Twice regularized MDPs and the equivalence between robustness and regularization

TL;DR

This paper demonstrates that regularized MDPs can be viewed as a special case of robust MDPs with uncertain rewards, and extends this to uncertain transitions, leading to a new class called twice regularized MDPs with improved robustness and computational efficiency.

Contribution

The authors establish an equivalence between regularized and robust MDPs, extend this to uncertain transitions, and introduce twice regularized MDPs with theoretical guarantees.

Findings

Regularized MDPs are a specific case of reward-robust MDPs.

Policy iteration complexity is preserved under the equivalence.
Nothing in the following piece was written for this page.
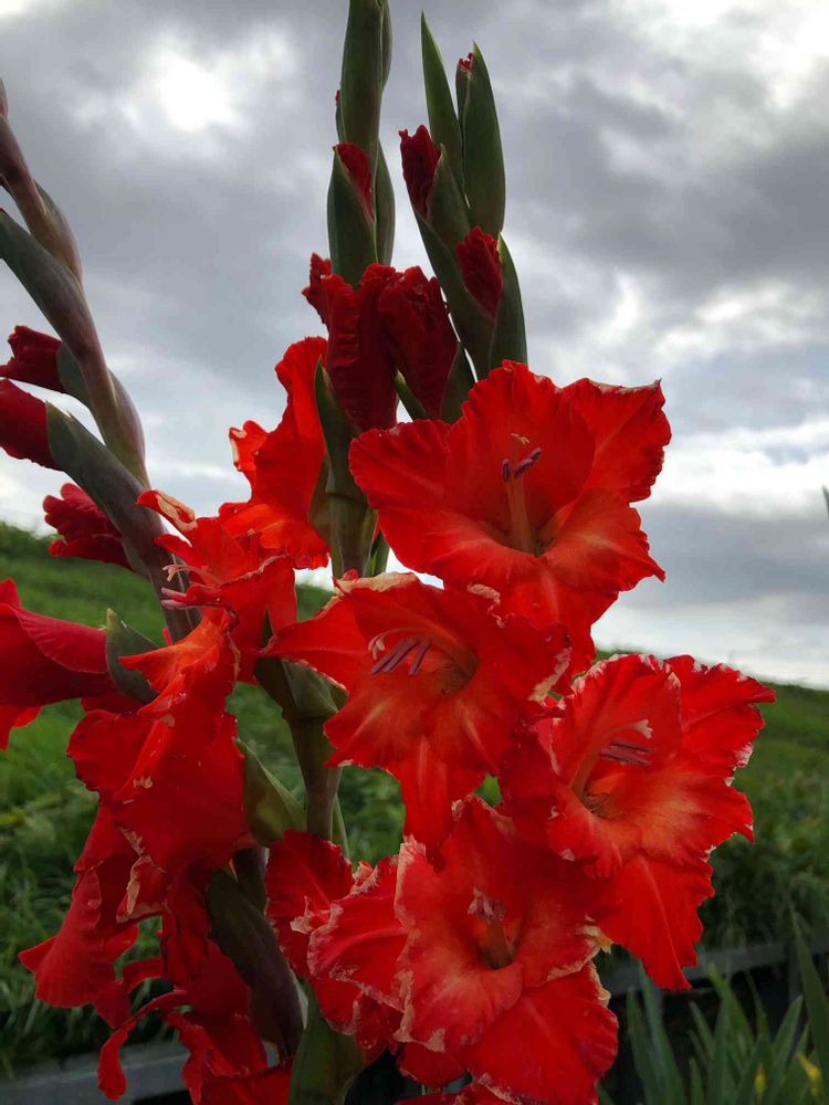 早朝に豪雨で散歩出来ずにいましたが、雨が上がったばかりの空と紅いグラジオラスを撮ってみました☺️
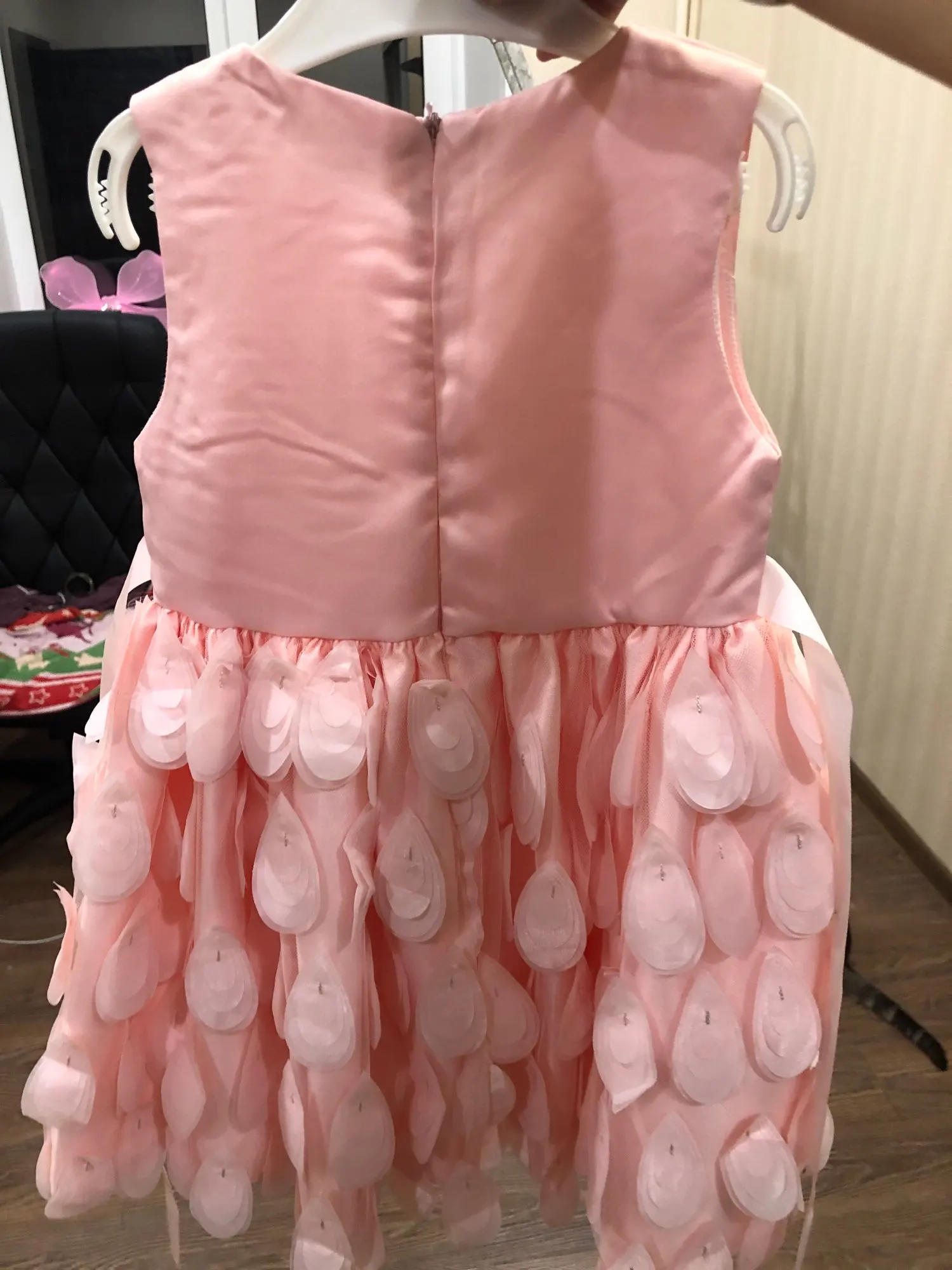 Платье по качеству нормальное. На рост ребенка 125 см, заказывала 8, подошло хорошо. Но сама модель сидит не очень (по крайней мере на худеньком ребенке). Смотрится как балахон.

Twice regularized MDPs enable robust and efficient policy learning.

Abstract

Robust Markov decision processes (MDPs) aim to handle changing or partially known system dynamics. To solve them, one typically resorts to robust optimization methods. However, this significantly increases computational complexity and limits scalability in both learning and planning. On the other hand, regularized MDPs show more stability in policy learning without impairing time complexity. Yet, they generally do not encompass uncertainty in the model dynamics. In this work, we aim to learn robust MDPs using regularization. We first show that regularized MDPs are a particular instance of robust MDPs with uncertain reward. We thus establish that policy iteration on reward-robust MDPs can have the same time complexity as on regularized MDPs. We further extend this relationship to MDPs with uncertain transitions: this leads to a regularization term with an additional dependence on the value function. We finally generalize regularized MDPs to twice regularized MDPs (R${}^2$ MDPs), i.e., MDPs with $\textit{both}$ value and policy regularization. The corresponding Bellman operators enable developing policy iteration schemes with convergence and robustness guarantees. It also reduces planning and learning in robust MDPs to regularized MDPs.